4. Сара даже не знала, что подумать, когда в гостиную вошел Вельзевул в довольно-таки странной одежде. Так одевались, следуя моде в прошлом веке. На нем был темно-коричневый шерстяной пиджак, кроем и фасоном изобличавший его чикагское происхождение, белый воротник, непомерно широкие полы, чулки, словом, нечто причудливое и свободное в обшлагах. Он встал перед ней и скрестил на животе руки: глаза его икрились лукавством, в уголках губ пряталась улыбка. Он веселым видом своим хотел показать, что сейчас он в образе.

— В некоторых отношениях мне нравится быть квакером, — пояснил Вельзевул.

— Смею вас спросить, сэр, — сказала Сара в манере того времени. — Что тому причиной?

— Обратитесь к лидеру нашей общины, он объяснит, — в той же учтивой манере отвечал Вельзевул. — Квакеры, как никто другой, умели жить в полном соответствии со всеми законами природы.

— У тебя есть талант к подражанию. Фантазия твоя неистощима!

— Тут не в фантазии дело, а в выборе. Если бы я мог жить человеческой жизнью, мне бы не пришлось искать себя. Есть община, которая мне очень близка по духу, я говорю о мормонах. Все у них мне нравится.

— Иногда мне кажется, что ты являешь собою тип вечного юноши.

— Хорошо сказано.

— Послушай, раз ты можешь возвращаться в прошлое, почему бы тебе не прожить жизнь какого-нибудь квакера, себе в удовольствие.

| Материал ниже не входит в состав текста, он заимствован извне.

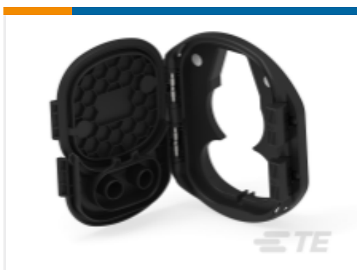
TE 产品编号2358664-2 Charging Inlets Flap Assembly DT, A

— Прошлое неизменно. Я не могу втереться в уже завершенное событие. Но я могу присутствовать наблюдателем: возможности самостоятельно участвовать в судьбе какого-либо человека у меня нет. Сейчас ХХI век, я соответствую своему времени, поэтому я могу вмешиваться в ход любого события мирового значения, могу вредить, мешать, направлять, влиять, определять, что-то завершать.

— Одна особенность, характеризующая тебя как романтика, возможно, больше, чем что-либо другое, проявляется в твоей отчужденности. Тебе неуютно в наше время, ведь так.

— Да. Я нахожу современный мир пошлым, стремительным, много всего искусственного, фальшивого, сейчас время жирных паразитов, так я называю политиканов. Поэтому я так часто убегаю в прошлое.

— Каким образом?

— Через музыку. У меня есть ложа в Метрополитен-опера. Я был на всех премьерах, включая величайший концерт всех времен и народов, который состоялся в 1983 году в честь столетия первого театра мира.